Delphine married three times before building her famous New Orleans mansion
So going back to Delphine. So she had. She married three times. So her first husband, kind of irrelevant. It's kind guy. He. He was some regent, governor or some. Back then, he was traveling from New Orleans to Madrid when Delphine was pregnant with their child. And he died in route. It was like he was in Havana, he got sick, he died. Nothing suspicious there. This is just like how people died back then.
>> Taylor: Yeah.
>> Farz: About four years later. She was also really young. She was 13 when she first got married. Oh, that was like, crazy. Like, it's like even. I know it was a long time ago, but it's like, get crazy.
>> Taylor: I know.
>> Farz: So four years later, after the death of that husband, she married a second time. And this guy was named Jean Blank, who would go on and have four more kids with him before he died eight years later in 1816. Then she made her third husband, which sounds like the one that was like, the most toxic and the one that, like, it's something. They hate each other almost instantly. They got married in 1825, and she basically created like a whole separate universe for herself. She went and bought this property at 1140 Royal street, which is, for a brief period of time, Nicholas Cage's property. Weird, Weird thing to say out loud. And she constructed her mansion there, which is like a separate thing. And then eventually, like, the. The feeling would all move in, but she had her own separate space as well.

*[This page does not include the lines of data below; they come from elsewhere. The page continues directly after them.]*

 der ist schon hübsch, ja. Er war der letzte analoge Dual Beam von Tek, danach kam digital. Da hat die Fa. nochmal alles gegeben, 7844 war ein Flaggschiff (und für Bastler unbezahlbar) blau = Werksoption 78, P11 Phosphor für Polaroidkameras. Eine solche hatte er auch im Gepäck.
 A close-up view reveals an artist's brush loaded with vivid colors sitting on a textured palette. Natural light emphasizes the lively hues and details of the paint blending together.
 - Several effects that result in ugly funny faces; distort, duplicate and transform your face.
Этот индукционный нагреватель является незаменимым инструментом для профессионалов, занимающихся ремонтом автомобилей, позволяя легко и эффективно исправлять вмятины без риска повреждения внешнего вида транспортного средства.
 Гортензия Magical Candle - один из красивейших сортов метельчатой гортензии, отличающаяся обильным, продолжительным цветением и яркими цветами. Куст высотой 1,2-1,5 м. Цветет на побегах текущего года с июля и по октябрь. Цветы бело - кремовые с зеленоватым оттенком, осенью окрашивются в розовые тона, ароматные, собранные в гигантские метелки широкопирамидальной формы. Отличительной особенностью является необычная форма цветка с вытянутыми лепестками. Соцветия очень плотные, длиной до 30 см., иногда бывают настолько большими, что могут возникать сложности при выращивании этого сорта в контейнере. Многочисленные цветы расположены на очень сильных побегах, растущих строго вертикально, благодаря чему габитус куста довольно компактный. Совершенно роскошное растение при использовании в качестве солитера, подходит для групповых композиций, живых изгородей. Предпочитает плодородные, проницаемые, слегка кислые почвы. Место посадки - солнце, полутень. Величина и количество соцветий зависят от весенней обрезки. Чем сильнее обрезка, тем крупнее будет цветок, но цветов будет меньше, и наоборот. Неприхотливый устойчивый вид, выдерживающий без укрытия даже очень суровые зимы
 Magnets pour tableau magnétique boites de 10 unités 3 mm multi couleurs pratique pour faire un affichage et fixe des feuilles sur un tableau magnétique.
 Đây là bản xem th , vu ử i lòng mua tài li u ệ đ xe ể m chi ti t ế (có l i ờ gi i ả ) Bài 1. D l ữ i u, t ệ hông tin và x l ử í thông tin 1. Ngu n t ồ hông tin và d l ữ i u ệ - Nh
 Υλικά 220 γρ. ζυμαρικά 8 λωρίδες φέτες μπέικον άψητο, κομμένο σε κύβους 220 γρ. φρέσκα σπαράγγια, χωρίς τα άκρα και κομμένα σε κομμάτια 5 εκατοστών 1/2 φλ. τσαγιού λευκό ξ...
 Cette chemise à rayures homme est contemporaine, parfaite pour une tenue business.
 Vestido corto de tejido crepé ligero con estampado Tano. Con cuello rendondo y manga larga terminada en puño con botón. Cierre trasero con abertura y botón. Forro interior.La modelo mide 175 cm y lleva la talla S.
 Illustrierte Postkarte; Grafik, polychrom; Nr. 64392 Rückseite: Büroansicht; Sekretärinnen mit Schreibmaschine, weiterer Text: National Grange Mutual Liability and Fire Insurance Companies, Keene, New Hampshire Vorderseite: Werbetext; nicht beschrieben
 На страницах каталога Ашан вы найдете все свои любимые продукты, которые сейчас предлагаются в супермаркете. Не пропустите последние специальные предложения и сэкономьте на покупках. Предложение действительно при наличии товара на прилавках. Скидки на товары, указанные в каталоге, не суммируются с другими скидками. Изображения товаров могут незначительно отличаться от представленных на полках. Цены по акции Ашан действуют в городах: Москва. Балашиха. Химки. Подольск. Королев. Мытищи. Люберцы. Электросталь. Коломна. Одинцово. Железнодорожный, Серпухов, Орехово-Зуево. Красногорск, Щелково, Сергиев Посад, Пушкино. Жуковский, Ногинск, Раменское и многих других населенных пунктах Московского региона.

>> Taylor: God, I just feel like it used to be so much easier to get construction done. Like, how do you do that?
>> Farz: Slavery.
>> Taylor: And I guess. I guess, yes, that makes sense. But I feel like there's always, like, stories of. Even in, like, after slavery ended, things that are like, oh, we just added rooms to our farmhouse.
>> Farz: I'm like, how about this? Like, again, anybody who cares about this stuff, listen to Ezra Klein and he will articulate this down to the T. It's like, regulations are why we cannot build anything anymore.
>> Taylor: It's so hard.
>> Farz: What was it? He was talking about how, like, Josh Shapiro suspended 8,000 different rules on how you should construct public works when the bridge collapsed in Pittsburgh. And it was like, yeah, they were up and running in, like, six weeks. Like, it was. There's a. There's not a problem of, like, engineering. It's a problem of regulation. Anyways, that's a side story. The mansion that she built here at 1140 Royal street is called the Lorry Mansion, which is still there to this day, although in a different form. Floor plans for the original mansion don't exist. They were never established. What we know roughly is that the mansion itself was about 10,000 square feet in size and it had slave quarters as well. So it had a separate unit that was slave quarters. The first floor was entertaining area. So this was where you would typically receive guests. You had a ballroom, a formal parlor, parlor with dining area. And that's kind of like what the first floor was that was like for guests only essentially. Second floor was living quarters for the family bedrooms, things like that. And the third floor was where slaves were being housed. Then you had a separate slaves quarter which is, was behind the mansion and it was a two story separate building. And that's where the nightmare stuff that we'll be discussing took place.
>> Taylor: So now if I google it and look at it, it's like on the corner of a city block. Was it always like that?
>> Farz: So Royal Lane was, was like one of the original main streets of New Orleans. But like obviously the texture of the city looked different, right, because like there was very, very few people there, but it was always in the center of the city. Yeah.
>> Taylor: Cool.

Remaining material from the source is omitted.